#### Description of the task
Repeat every record word for word and omit the images.

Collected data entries
• • • • • • •
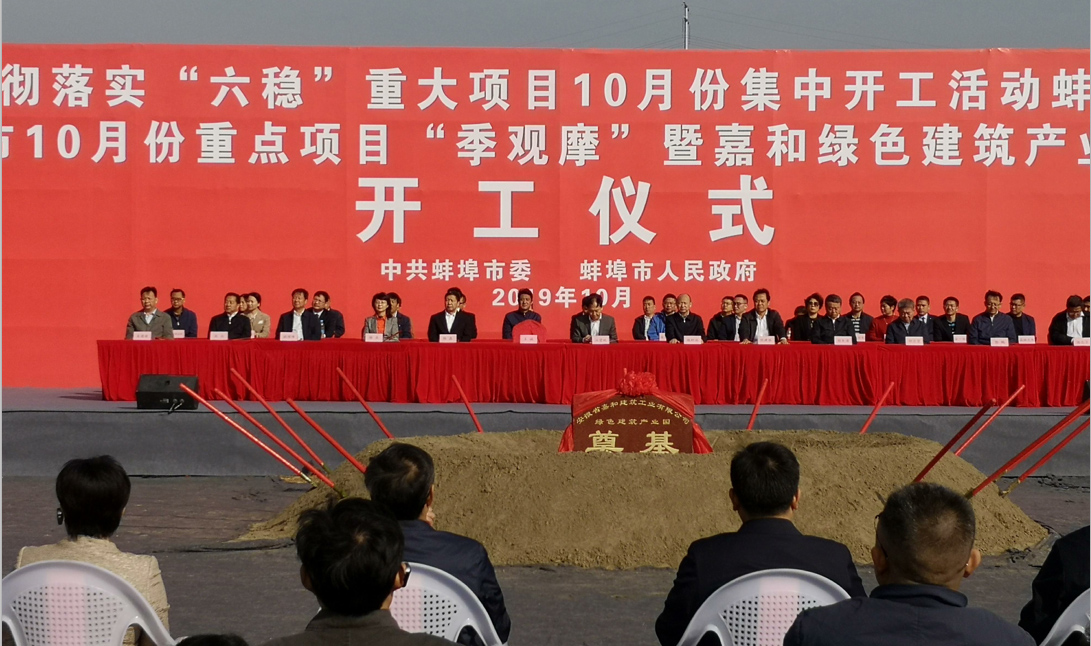 10月28日,安徽水利嘉和建筑工业工业园项目现场,彩旗飘扬,挖掘机、推土机整装待发;缀着横幅的空飘犹如一串串大红灯笼高高挂在空中,随处洋溢着喜悦的气氛。蚌埠市10月份重大项目集中开工暨嘉和绿色建筑工业园项目开工仪式在此隆重举行。
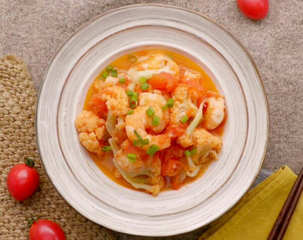 番茄虾仁炒花菜
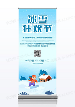 冬天冬季手绘卡通冰雪狂欢节宣传易拉宝
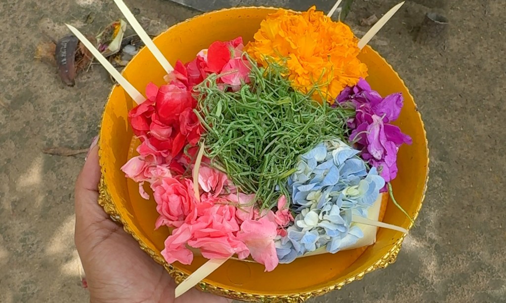 On Nyepi morning, we were lucky enough to make our own offerings, also known as “canang sari”. If you’ve been to Bali before, you’ve likely seen these placed at the front of homes, temples and other businesses. These offerings are made daily and made up of things like flowers, rice, incense, sweets, fruits, spices and sometimes even a cigarette. We wove our own baskets with coconut leaves — using bamboo needles — and placed these offerings at the temple in our individual villas. Making these myself gave me insight into the meaning behind each flower and each grain, and I was able to stop and appreciate the sentiment every time.
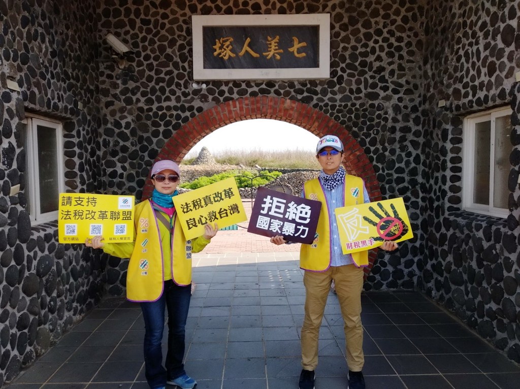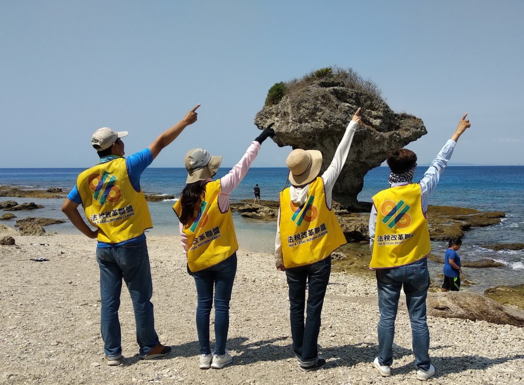 圖三:澎湖地區所有地方行政首長及村、里長100%全數參與連署稅改宣言,圖為L志工與法稅改革聯盟志工在澎湖七美島。
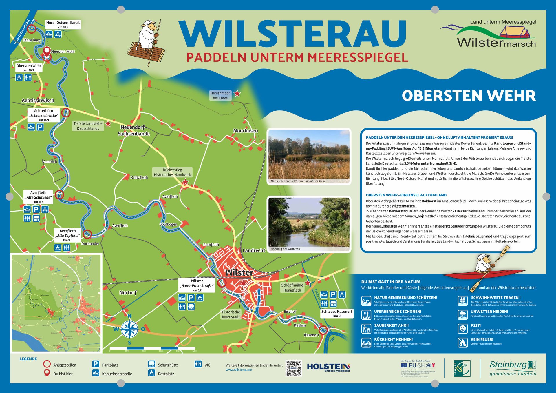 Die Kanueinsetzstelle am Obersten Wehr liegt idyllisch auf halber Strecke zwischen dem Kanuverleih „Wilsterau-Kanu“ in Achterhörn und dem Nord-Ostsee-Kanal – ein perfekter Ort für einen Zwischenstopp. Besonders für Familien mit Kindern lohnt sich eine Rast: Direkt am Erlebnishof Strüven gelegen, erwartet dich ein liebevoll gestalteter Platz mit zahlreichen Angeboten für Spiel, Entspannung und Genuss. Eine Schutzhütte, Sitzplätze und Parkmöglichkeiten sorgen für Komfort – egal ob bei Sonnenschein oder plötzlichem Regenschauer.
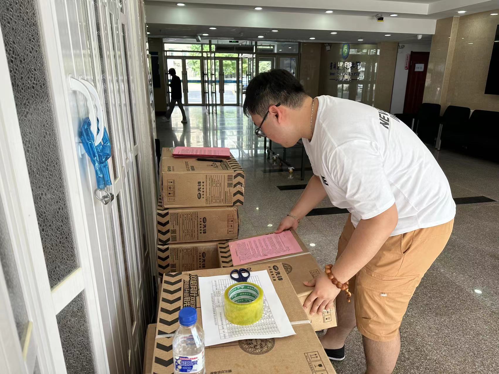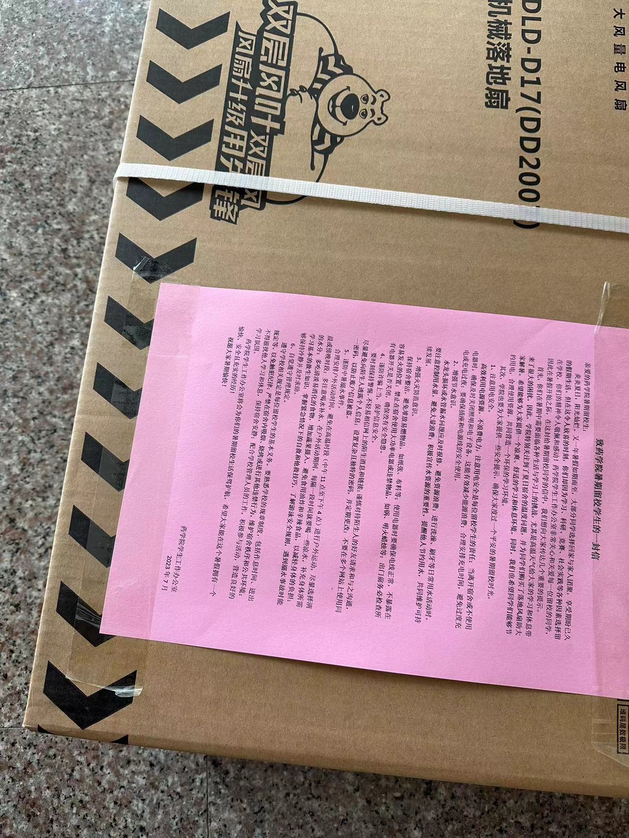 学生工作办公室主任王托带领学生干部为17个寝室的留校同学发放了落地风扇,并在发放过程中了解学生暑期留校学生情况,对暑期留校的安全事项进行了强调,同时在每套风扇的外包装上粘贴了“ 致药学院暑期留校学生的一封信”,信中不仅表达了学院对留校学生刻苦努力的肯定及对大家的亲切关怀,更传达了学院的几个重要的安全提示,围绕“安全用电用水、增强火灾防范意识、严防溺水事故、严防交通事故、严防诈骗、自觉遵守管理规定”等主题进行了安全教育宣传。
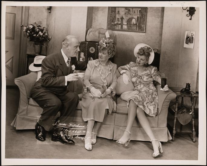 [Ruth Gordon as Paula Wharton, Harvey Stephens as Max Wharton and Loring Smith as Robert Drexel Gow in "Over 21".]
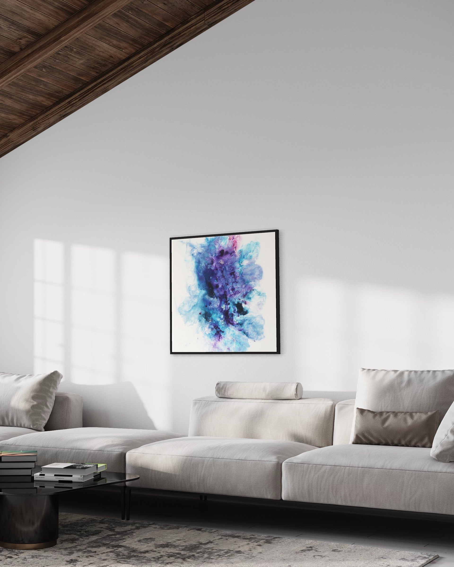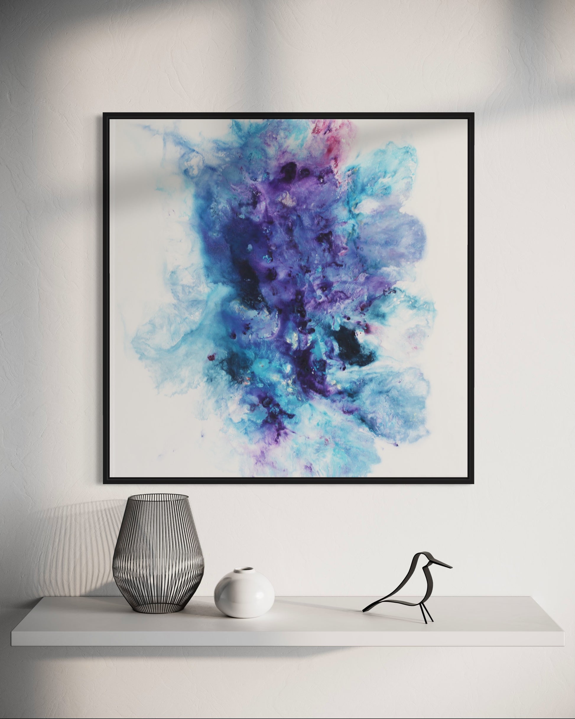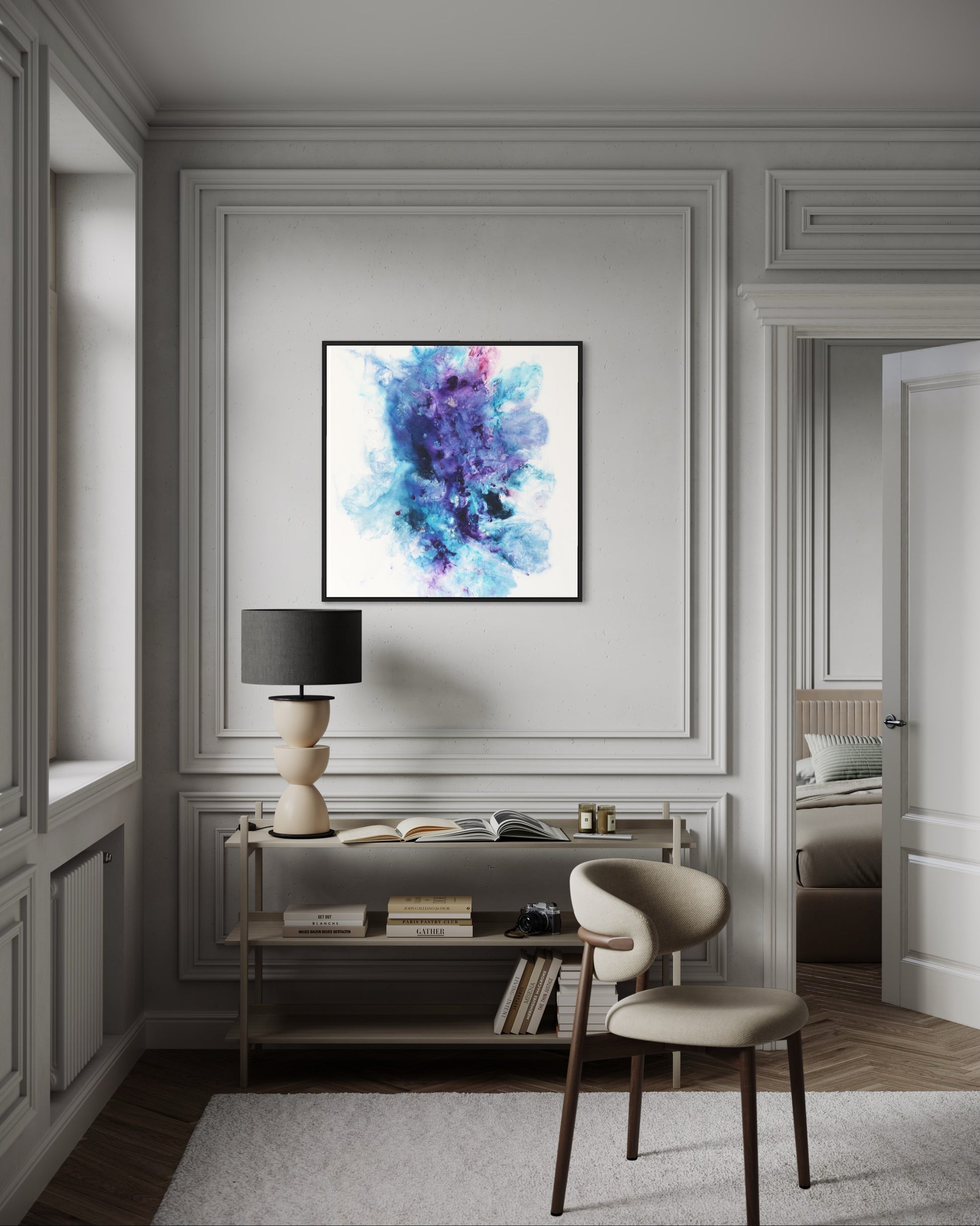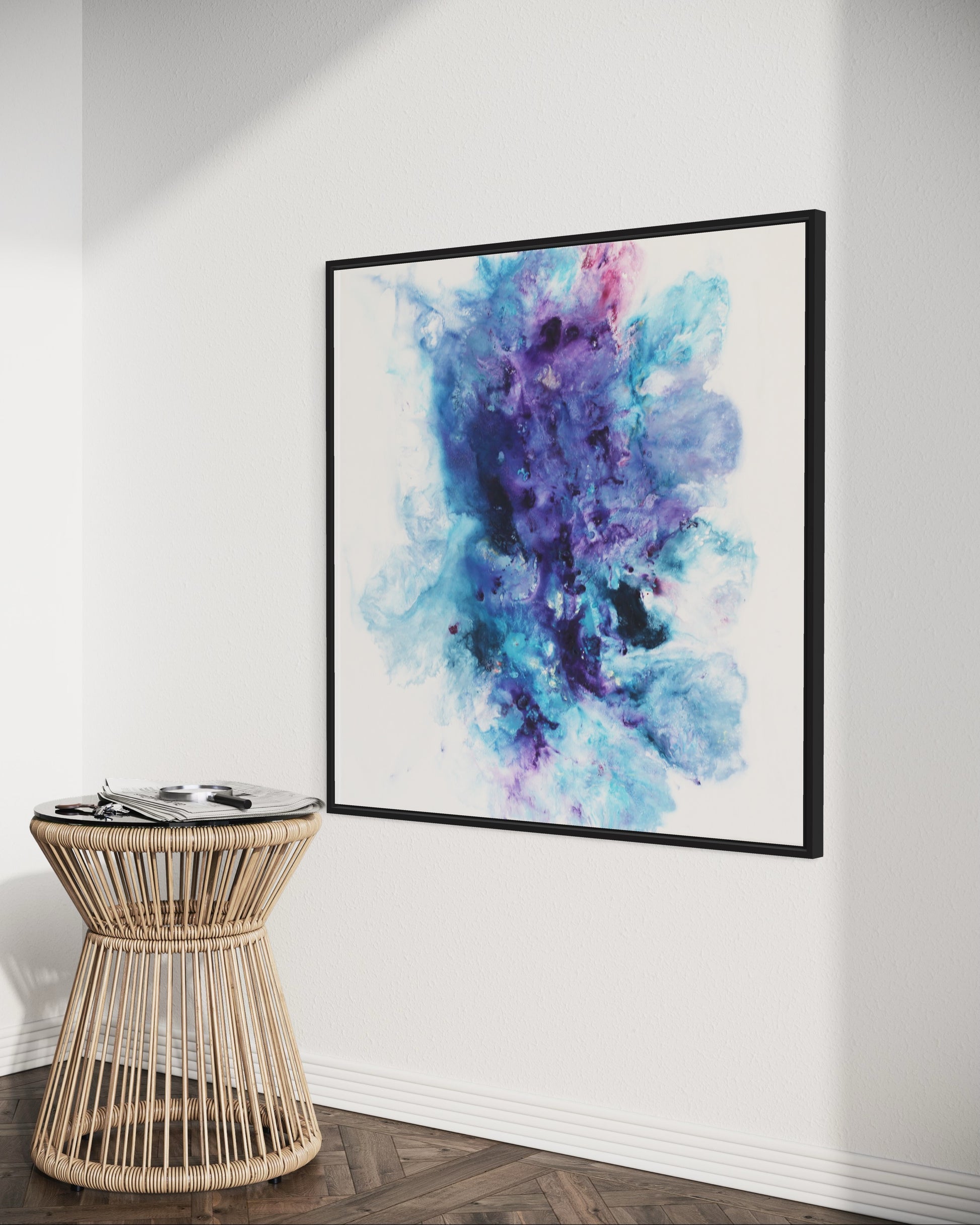 Bringe die dynamische Schönheit von "Delight" in dein Zuhause. Dieses Acrylgemälde auf Leinwand, mit den Maßen 80x80 cm, wird durch seine fließenden Blau-, Lila- und Weißtöne zu einem unverwechselbaren Highlight in jedem Raum.
• • • • • • •
#### Result of the task
 10月28日,安徽水利嘉和建筑工业工业园项目现场,彩旗飘扬,挖掘机、推土机整装待发;缀着横幅的空飘犹如一串串大红灯笼高高挂在空中,随处洋溢着喜悦的气氛。蚌埠市10月份重大项目集中开工暨嘉和绿色建筑工业园项目开工仪式在此隆重举行。
 番茄虾仁炒花菜
 冬天冬季手绘卡通冰雪狂欢节宣传易拉宝
 On Nyepi morning, we were lucky enough to make our own offerings, also known as “canang sari”. If you’ve been to Bali before, you’ve likely seen these placed at the front of homes, temples and other businesses. These offerings are made daily and made up of things like flowers, rice, incense, sweets, fruits, spices and sometimes even a cigarette. We wove our own baskets with coconut leaves — using bamboo needles — and placed these offerings at the temple in our individual villas. Making these myself gave me insight into the meaning behind each flower and each grain, and I was able to stop and appreciate the sentiment every time.
 圖三:澎湖地區所有地方行政首長及村、里長100%全數參與連署稅改宣言,圖為L志工與法稅改革聯盟志工在澎湖七美島。
 Die Kanueinsetzstelle am Obersten Wehr liegt idyllisch auf halber Strecke zwischen dem Kanuverleih „Wilsterau-Kanu“ in Achterhörn und dem Nord-Ostsee-Kanal – ein perfekter Ort für einen Zwischenstopp. Besonders für Familien mit Kindern lohnt sich eine Rast: Direkt am Erlebnishof Strüven gelegen, erwartet dich ein liebevoll gestalteter Platz mit zahlreichen Angeboten für Spiel, Entspannung und Genuss. Eine Schutzhütte, Sitzplätze und Parkmöglichkeiten sorgen für Komfort – egal ob bei Sonnenschein oder plötzlichem Regenschauer.
 学生工作办公室主任王托带领学生干部为17个寝室的留校同学发放了落地风扇,并在发放过程中了解学生暑期留校学生情况,对暑期留校的安全事项进行了强调,同时在每套风扇的外包装上粘贴了“ 致药学院暑期留校学生的一封信”,信中不仅表达了学院对留校学生刻苦努力的肯定及对大家的亲切关怀,更传达了学院的几个重要的安全提示,围绕“安全用电用水、增强火灾防范意识、严防溺水事故、严防交通事故、严防诈骗、自觉遵守管理规定”等主题进行了安全教育宣传。
 [Ruth Gordon as Paula Wharton, Harvey Stephens as Max Wharton and Loring Smith as Robert Drexel Gow in "Over 21".]
 Bringe die dynamische Schönheit von "Delight" in dein Zuhause. Dieses Acrylgemälde auf Leinwand, mit den Maßen 80x80 cm, wird durch seine fließenden Blau-, Lila- und Weißtöne zu einem unverwechselbaren Highlight in jedem Raum.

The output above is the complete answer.